● **Task brief**
Skipping all images, output the listing word for word.

● **Exercise data**
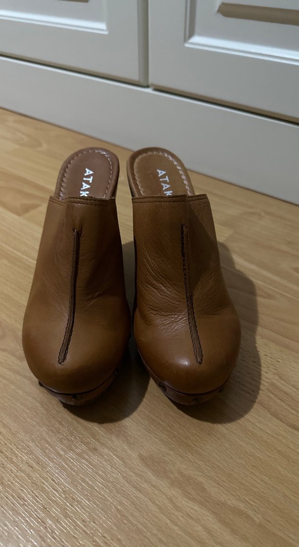 Bej deri kadın terlik, platform topuklu ve tokalı tasarıma sahip. Minimalist ve sade stil, günlük kullanım için uygundur. Marka: ATAKÖY
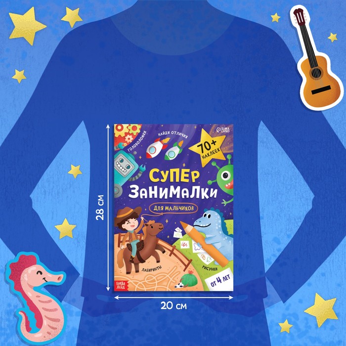 Книга с наклейками "Супер-занималки. Для мальчиков" 9671981. Разные задания, головоломки , раскраски, лабиринты не дадут заскучать вашему малышу.
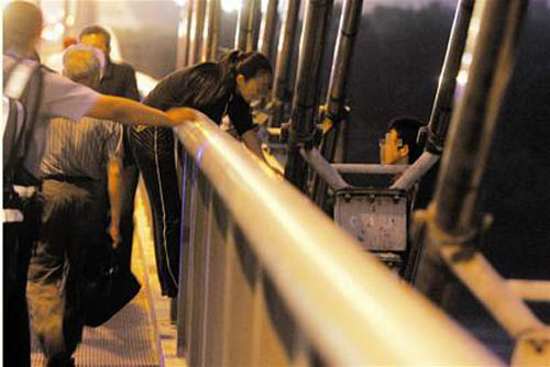 前晚7时20分,记者在长江二桥上看到,一名戴眼镜的男青年站在大桥护栏外,四五名警察和几名学生模样的青年正在劝说该青年,桥下停着一艘水上公安的快艇。该青年不停在桥边来回走动,让人提心吊胆。路人表示,这么年轻的孩子就想跳桥,实在可惜。

● **Response to this task**
 Bej deri kadın terlik, platform topuklu ve tokalı tasarıma sahip. Minimalist ve sade stil, günlük kullanım için uygundur. Marka: ATAKÖY
 Книга с наклейками "Супер-занималки. Для мальчиков" 9671981. Разные задания, головоломки , раскраски, лабиринты не дадут заскучать вашему малышу.
 前晚7时20分,记者在长江二桥上看到,一名戴眼镜的男青年站在大桥护栏外,四五名警察和几名学生模样的青年正在劝说该青年,桥下停着一艘水上公安的快艇。该青年不停在桥边来回走动,让人提心吊胆。路人表示,这么年轻的孩子就想跳桥,实在可惜。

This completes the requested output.